Одной из самых «спортивных» и красивых рыб, для которой рыболов когда-либо вязал искусственную мушку, является морская форель, которая поднимается с летними приливами во все эти притоки Нижнего Святого Лаврентия. Редко весом менее одного фунта, а часто достигающая четырех фунтов, эта рыба настолько похожа по внешнему виду на обычную ручьевую форель, что многие опытные рыбаки объявляют их одним и тем же видом, причем небольшая разница между ними объясняется влиянием соленой воды и специфическим питанием, которое можно найти в ней. По цвету они скорее более серебристые, чем ручьевая форель, но они отмечены, как и та рыба, блестящими пятнами красного и синего цвета вдоль боков. Лучшее место для ловли — там, где морской прилив встречается с чистой пресной водой реки, недалеко от ее устья.
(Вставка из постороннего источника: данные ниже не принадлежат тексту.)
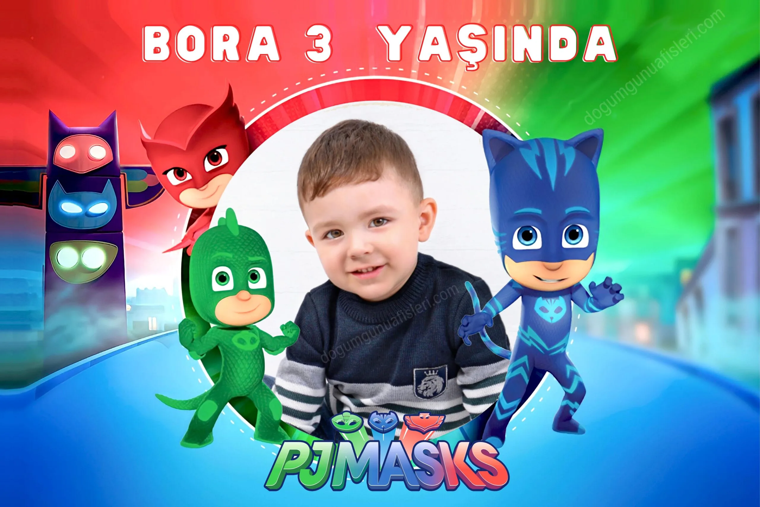 Pijamaskeliler Doğum Günü Afişi, doğum günü partileriniz için konseptinizi tamamlayacak en güzel süsleme. Kişiye özel olarak hazırlanan doğum günü afişiniz sipariş verdikten sonraki gün kargoda.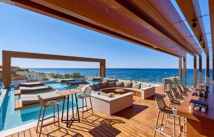 PREMIÈRE CLASSE À L’AMBIANCE TYPIQUEMENT GRECQUE. FAITES LE PLEIN D’ÉNERGIE ET DÉTENDEZ-VOUS AU BORD DE LA GRANDE PISCINE AVEC VUE SUR LA MER.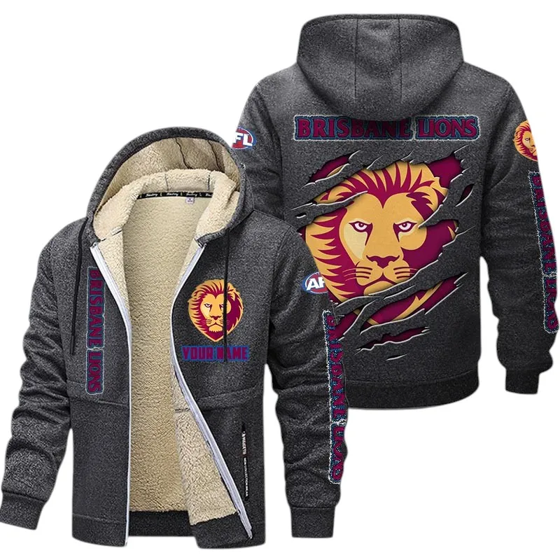 Cheer louder and layer smarter with this Brisbane Lions-inspired fleece hoodie jacket, engineered to keep you warm, stylish, and game-day ready. Whether you’re heading to the stadium, tailgating with friends, or watching from home, this zip-up hoodie combines cozy comfort with bold fan energy – because loyalty doesn’t freeze when the temperature drops.

Бывают времена, когда лосось становится необъяснимо сдержанным и не желает отвечать на леску приглашения, посылаемую ему рыболовом через заводи омута. Именно тогда морская форель оказывается ценной заменой своему более крупному сородичу из реки, которому она лишь немного уступает в доставлении отличного спорта. При ловле форели рекомендуется использовать только одну мушку. Однажды в Сагенее я использовал леску с тремя прикрепленными к ней мушками, как для обычной ловли форели. При первом же забросе три морские форели, каждая, по-видимому, весом более фунта, оказались на моей снасти одновременно, и следствием этого стала путаница, которая привела к потере моей лески и мушек.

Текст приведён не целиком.